[Dataset entries]
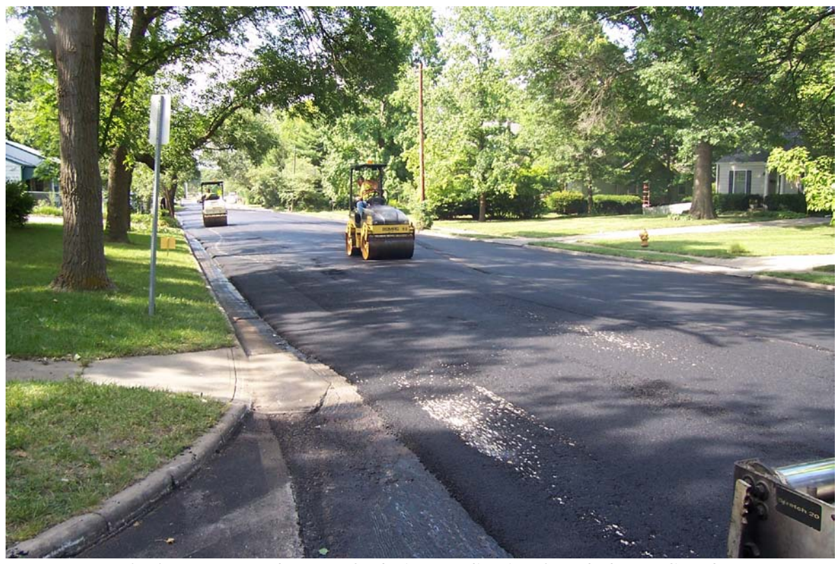
Description – Massachusetts St during applicatin of Asphalt Leveling Course as part of Contracted Asphalt Overlay.
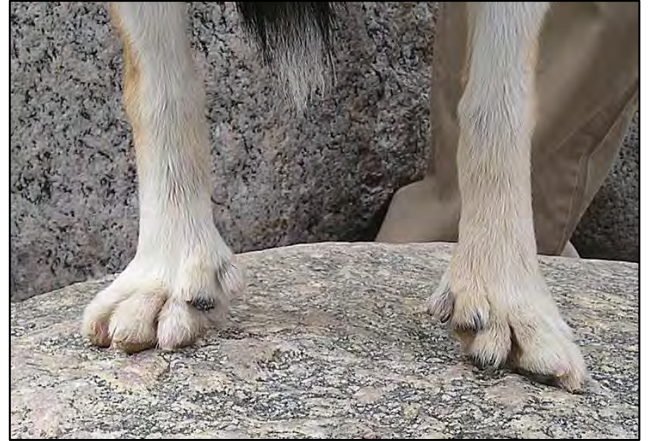
Fig. 34. Acceptable extra toes on hindfeet.
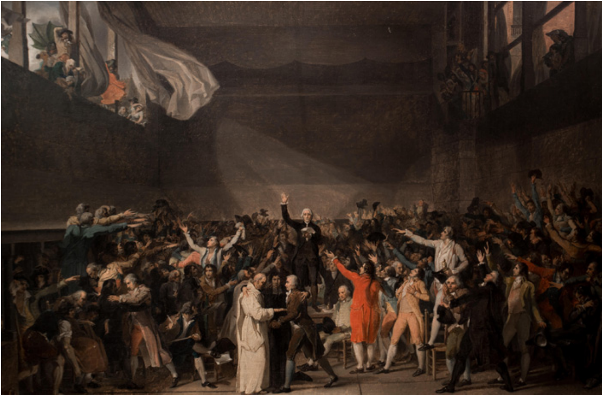
4. 20 June 1789: The Tennis Court Oath. The National Assembly vows never to disperse until it has given France a constitution.

Unknown to Necker, however, and perhaps at first to the king himself, ministerial orders had been issued on 26 June to certain regiments to converge on Versailles. More were ordered up in the weeks that followed, and by early July the nervous Assembly was importuning the king to withdraw the troops. He replied, plausibly enough, that their presence was necessary to secure public order; but when on 12 July Necker was dismissed more sinister suspicions seemed borne out. The 20,000 soldiers now encamped around the Île de France appeared poised to overawe the capital while action was taken to subdue the Assembly. On hearing the news about Necker, Paris exploded with a mixture of fear and indignation. Tentative moves by German mercenary troops to disperse crowds only made things worse, and members of the permanent Paris garrison of French Guards began to desert. Soon bands of hungry insurgents were ransacking strongpoints in the city for arms, powder, and hoards of flour. On 14 July they converged on the massive state prison of the Bastille, which
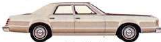
Cougar 4-dr. pillared hardtop
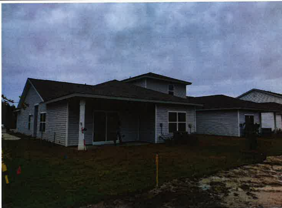
REAR RIGHT VIEW 10/13/2023
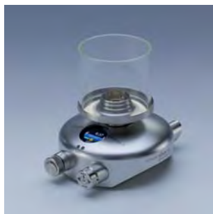
schuett phoenix II with glass spatter guard
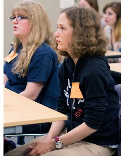
Community Chinese Corner students learn to read a menu and order food in Chinese
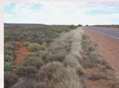
Buffel grass ( Cenchrus ciliaris ) along the highway near the Flinders Ranges, SA.

© 2008 Information which appears in this guide may be reproduced without written permission provided the source of the information is acknowledged.
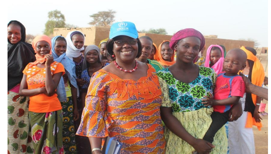
The Regional Representative in Ando, Ndioum, during her visit in the Senegal Valley region from 21-27 June 2017
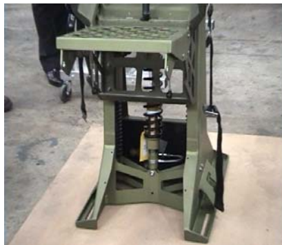
Figure 3. Sub-Assembly of Suspended Seat With Shock Isolator

The Mk V SOC seat itself is a current design of STIDD Systems, Inc. of Greenport, New York. Previous efforts to provide some level of isolation to the seat have resulted in the current design that consists of a seat base rigidly mounted to the deck and a suspended seat portion guided by twin rails with linear ball bushing bearings. The Shock Isolator, designed and manufactured by Taylor Devices, Inc., provides the required spring and energy absorption, along with the adaptive attributes as dictated by the analysis outlined above. Figure 3 and Figure 4 illustrate the suspended seat.
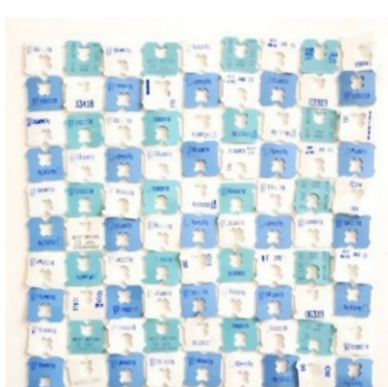
Figure 3: Patterns made with bread tags by @the_breadtag_project

Inspiration: Bread tags (also called bread clips or bread ties) and plastic drink bottle lids are very common in our homes and schools today. Unfortunately, these items are not easy to recycle because of their size and the kind of plastic they are made from. They are a commonly discarded plastic and can be found in all sorts of places in the environment such as parks.
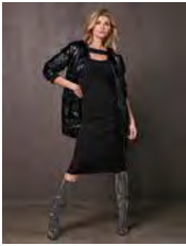
8215-35: XUKE JACKET LONG 8240-23: XIAO DRESS KNIT
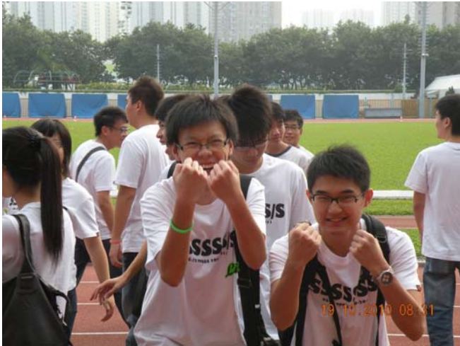
A fighting spirit.

For two days in October all thoughts were firmly focused on our school sports. Here are a few of the pictures taken and the school spirit that they capture.
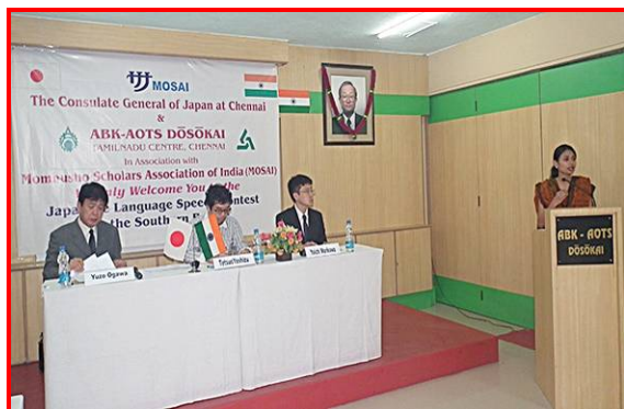
MOSAI Japanese Language Speech Contest for Southern Region in progress
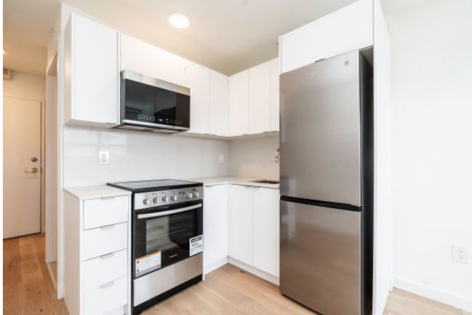
730 St Clarens Avenue
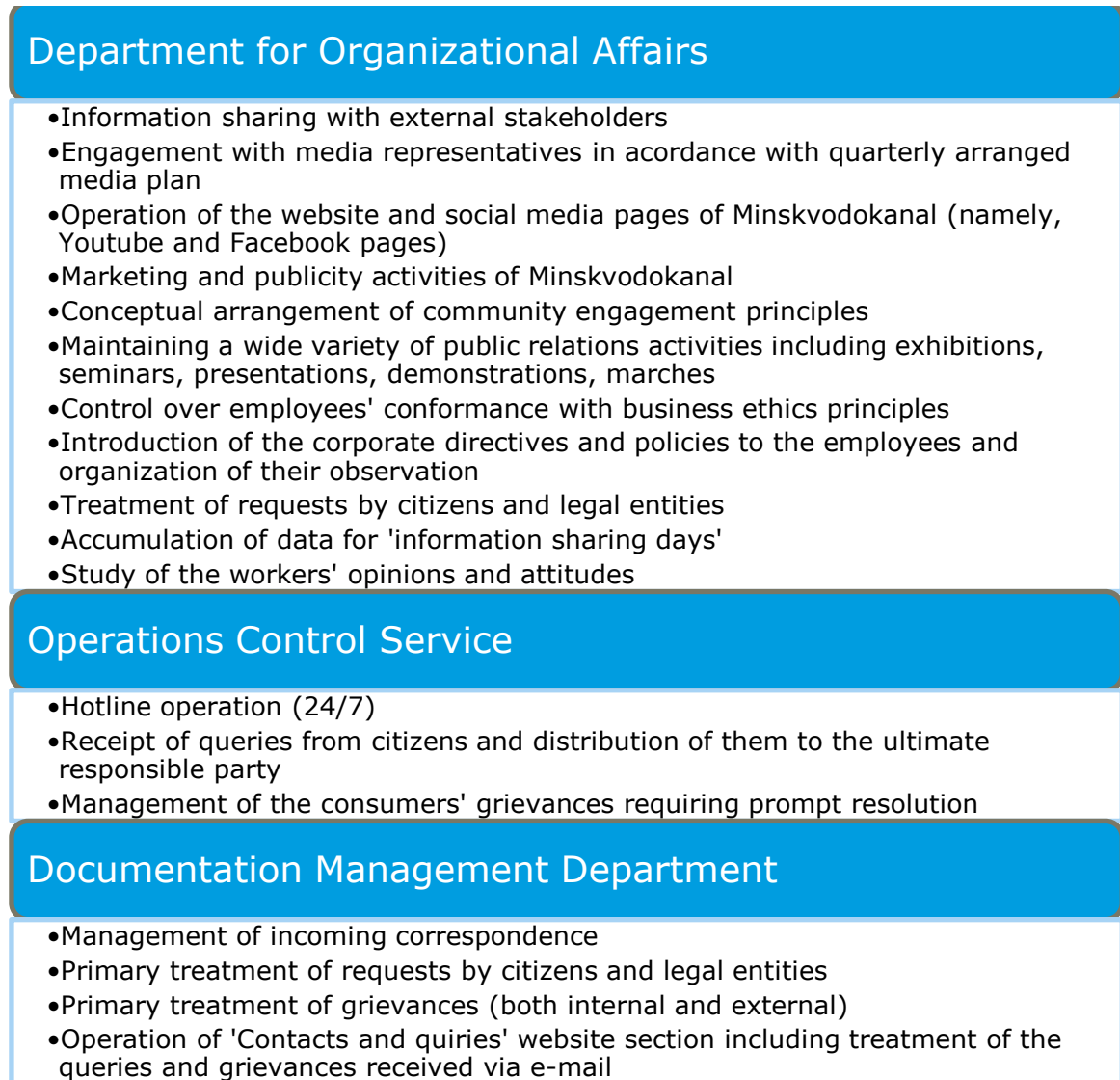
Figure 3.1 Departments of UE "Minskvodokanal" involved into stakeholder engagement

The human resources are distributed among the three divisions as follows:
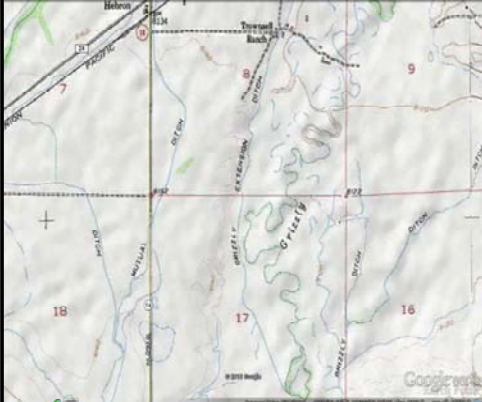
Topographic Map: Courtesy of Google Earth 2015
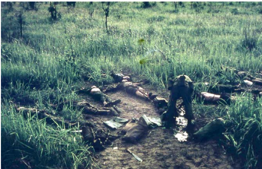
NVA dead in front of the 102 guns

As the Australians began to recover and count the cost it was revealed that nine Australians had been killed and twenty eight wounded. Jensen's Mortar Line bore the brunt of the casualties with five dead and eight wounded out of eighteen men. Two Gunners were dead and four wounded. Fifty two NVA dead lay strewn around the guns and mortars and one NVA soldier was taken prisoner. Two of Jensen's mortars were damaged and one 105 mm Howitzer was damaged beyond immediate repair and had to be flown out, another had both tyres blown out and a hole in its trail but the gun stayed in action. The 102 Battery O sized bulldozer was riddled with small arms fire and also had to be back loaded. Every piece of canvas (used for ammunition bays) was shredded and all personal sleeping tents ('Hoochies') riddled with bullet and shrapnel holes.
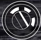
Shift-On-The-Fly 4-Wheel Drive*
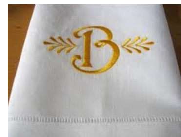
TOWEL TIME —see how dry cover makes amazing towel designs
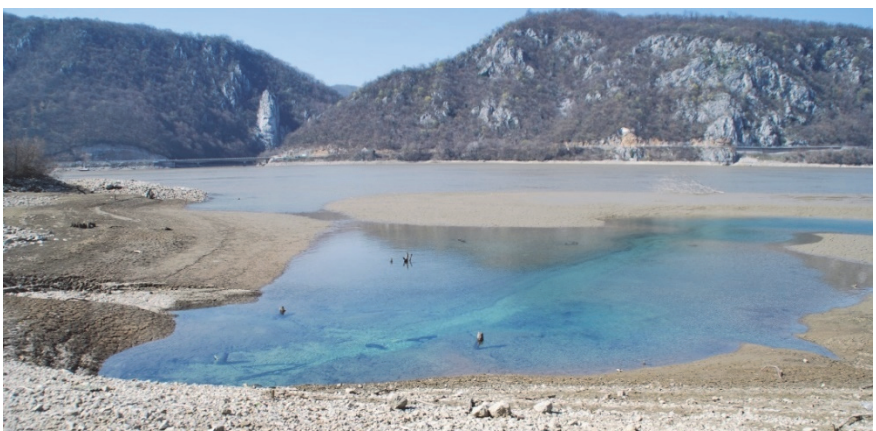
Fig. 3 Hajdučka Vodenica Spring

East of central Miroč, there is a karst aquifer called Dževrinske Grede, formed in a narrow belt of Tithonian limestones. The rift extends to the south for about 18 km and its width varies from several meters to a maximum of 700 m. The limestones are squeezed between Proterozoic-Paleozoic schists to the west and Early Cretaceous marly sandstones to the east. They are extensively fractured and karstified, with a large number of karst features (Ćalić, 2008). The karst aquifer called Krečnjačke Grede gravitates towards the Derdap gorge and is drained via several small springs, the largest of which is located in Matovića Krš and its discharge is 3.0 l/s (Ćalić, 2008)

* **What is expected**
Filter the records, keeping only lines that contain "Figure", and show those lines.

* **Solved exercise**
Figure 3. Sub-Assembly of Suspended Seat With Shock Isolator
The Mk V SOC seat itself is a current design of STIDD Systems, Inc. of Greenport, New York. Previous efforts to provide some level of isolation to the seat have resulted in the current design that consists of a seat base rigidly mounted to the deck and a suspended seat portion guided by twin rails with linear ball bushing bearings. The Shock Isolator, designed and manufactured by Taylor Devices, Inc., provides the required spring and energy absorption, along with the adaptive attributes as dictated by the analysis outlined above. Figure 3 and Figure 4 illustrate the suspended seat.
Figure 3: Patterns made with bread tags by @the_breadtag_project
Figure 3.1 Departments of UE "Minskvodokanal" involved into stakeholder engagement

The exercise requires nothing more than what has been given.